[Your instructions] Set down the lines that begin at the top of the records and end with the line containing "The title of", and drop every picture.

Stored data:
#####

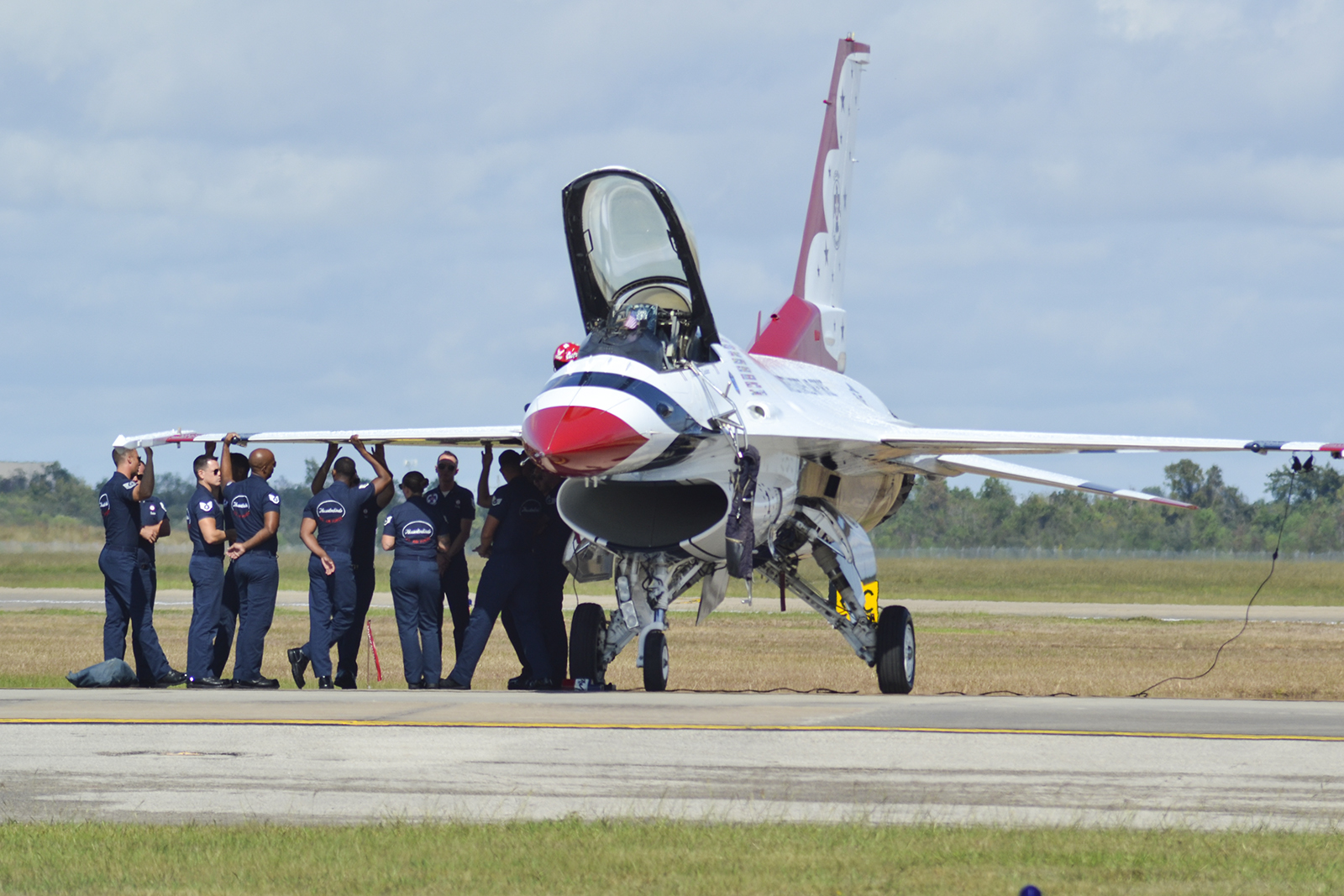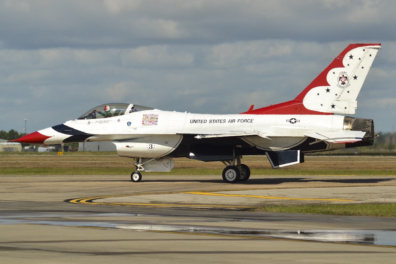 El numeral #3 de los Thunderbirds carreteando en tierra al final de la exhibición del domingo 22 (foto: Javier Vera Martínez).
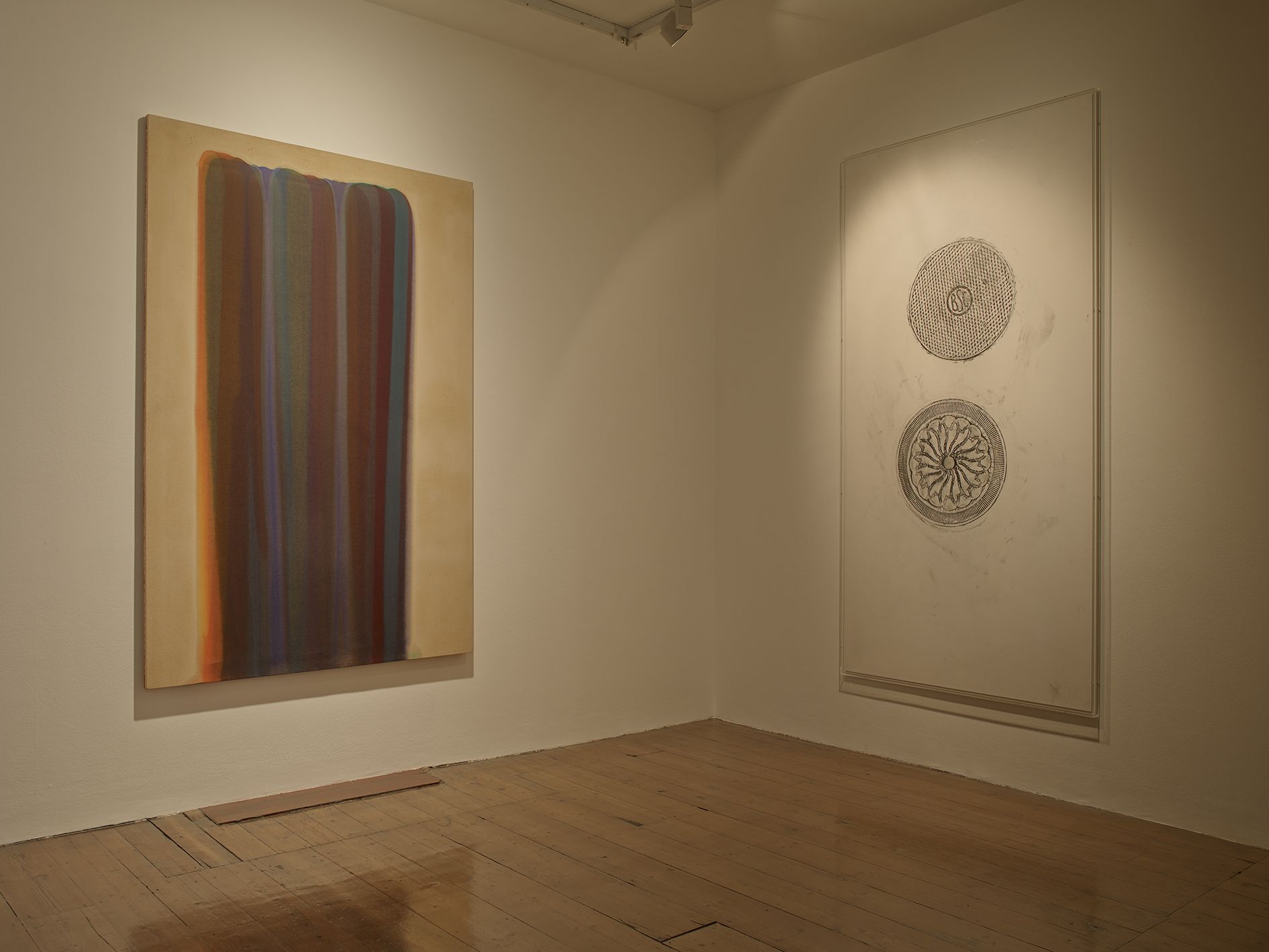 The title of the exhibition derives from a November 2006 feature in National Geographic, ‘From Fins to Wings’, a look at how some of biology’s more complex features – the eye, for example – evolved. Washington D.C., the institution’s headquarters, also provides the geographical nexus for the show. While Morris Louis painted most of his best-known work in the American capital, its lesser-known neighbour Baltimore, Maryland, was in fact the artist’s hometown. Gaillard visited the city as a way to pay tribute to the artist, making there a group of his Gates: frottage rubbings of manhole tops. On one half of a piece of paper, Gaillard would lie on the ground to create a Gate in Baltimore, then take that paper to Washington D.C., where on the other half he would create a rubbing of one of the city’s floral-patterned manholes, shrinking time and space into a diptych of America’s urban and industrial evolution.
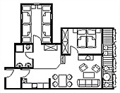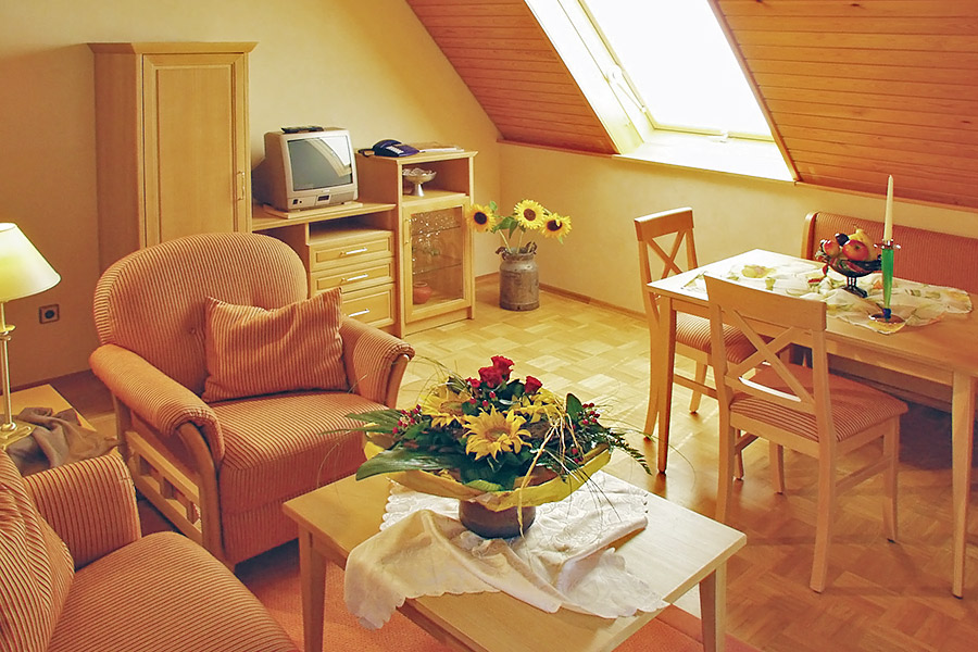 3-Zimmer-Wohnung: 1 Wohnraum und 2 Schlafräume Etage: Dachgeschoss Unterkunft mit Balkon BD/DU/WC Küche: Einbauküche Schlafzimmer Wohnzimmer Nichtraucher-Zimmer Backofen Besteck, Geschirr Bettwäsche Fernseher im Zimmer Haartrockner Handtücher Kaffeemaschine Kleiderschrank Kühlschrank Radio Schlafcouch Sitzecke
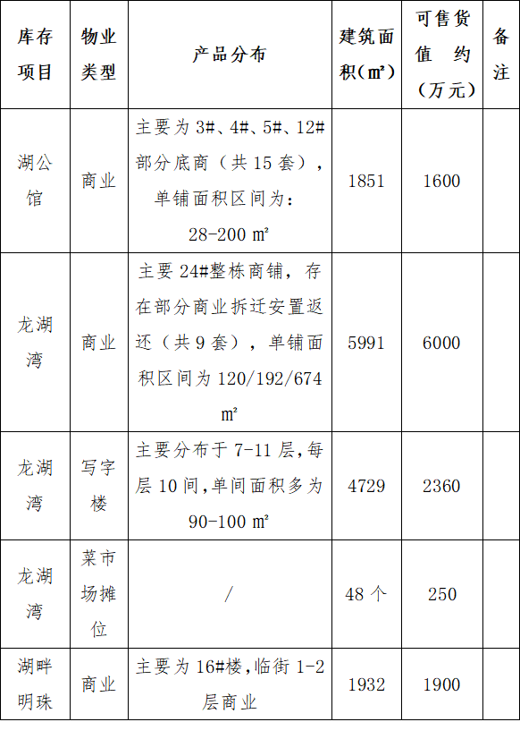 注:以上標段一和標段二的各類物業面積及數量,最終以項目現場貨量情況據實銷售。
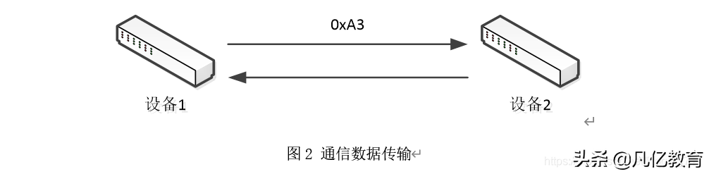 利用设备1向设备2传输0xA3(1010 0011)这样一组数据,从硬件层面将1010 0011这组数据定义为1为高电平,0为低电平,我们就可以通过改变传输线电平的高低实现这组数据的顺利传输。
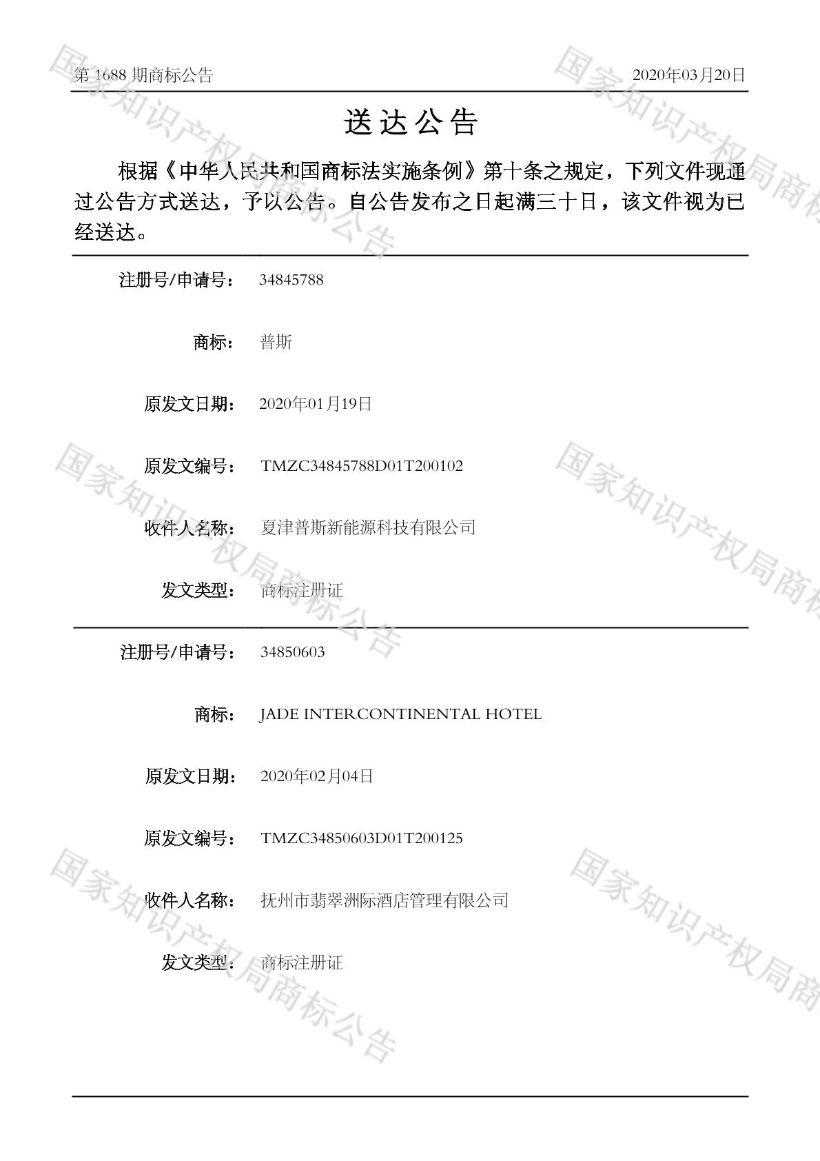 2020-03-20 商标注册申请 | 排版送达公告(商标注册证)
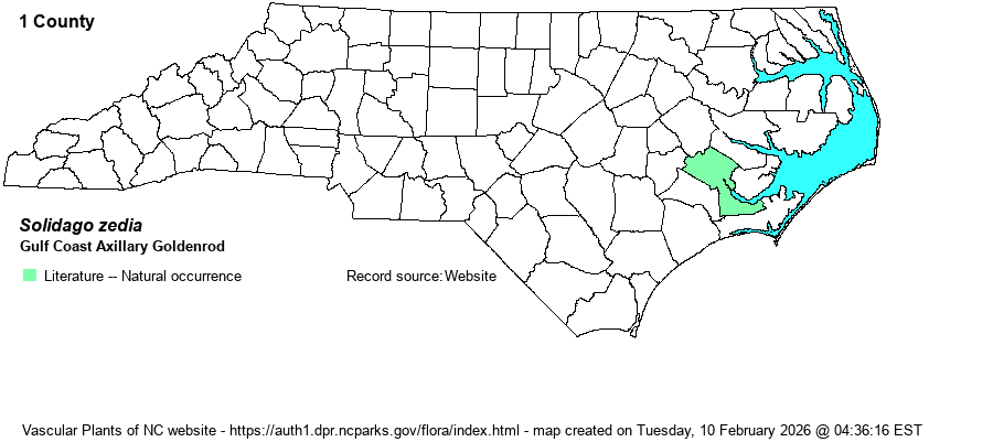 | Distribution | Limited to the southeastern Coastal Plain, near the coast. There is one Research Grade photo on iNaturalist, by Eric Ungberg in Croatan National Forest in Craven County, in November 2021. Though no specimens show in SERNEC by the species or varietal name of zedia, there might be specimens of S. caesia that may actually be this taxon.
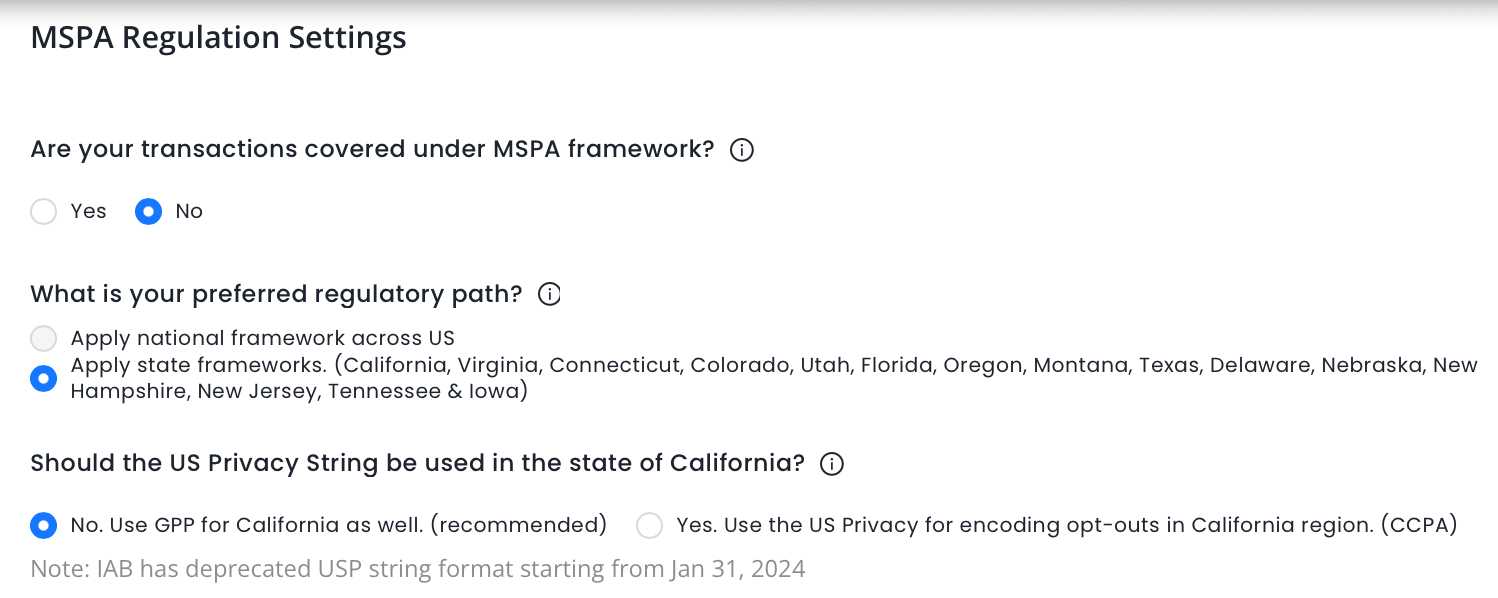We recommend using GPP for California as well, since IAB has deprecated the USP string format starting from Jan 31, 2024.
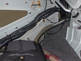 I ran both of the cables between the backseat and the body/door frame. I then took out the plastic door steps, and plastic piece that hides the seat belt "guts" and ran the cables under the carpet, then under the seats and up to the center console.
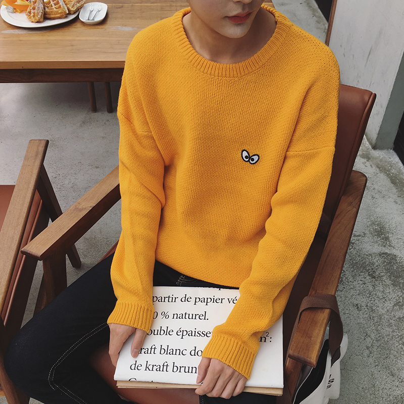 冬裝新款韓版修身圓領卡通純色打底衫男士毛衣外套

#####

[Response area]
 El numeral #3 de los Thunderbirds carreteando en tierra al final de la exhibición del domingo 22 (foto: Javier Vera Martínez).
 The title of the exhibition derives from a November 2006 feature in National Geographic, ‘From Fins to Wings’, a look at how some of biology’s more complex features – the eye, for example – evolved. Washington D.C., the institution’s headquarters, also provides the geographical nexus for the show. While Morris Louis painted most of his best-known work in the American capital, its lesser-known neighbour Baltimore, Maryland, was in fact the artist’s hometown. Gaillard visited the city as a way to pay tribute to the artist, making there a group of his Gates: frottage rubbings of manhole tops. On one half of a piece of paper, Gaillard would lie on the ground to create a Gate in Baltimore, then take that paper to Washington D.C., where on the other half he would create a rubbing of one of the city’s floral-patterned manholes, shrinking time and space into a diptych of America’s urban and industrial evolution.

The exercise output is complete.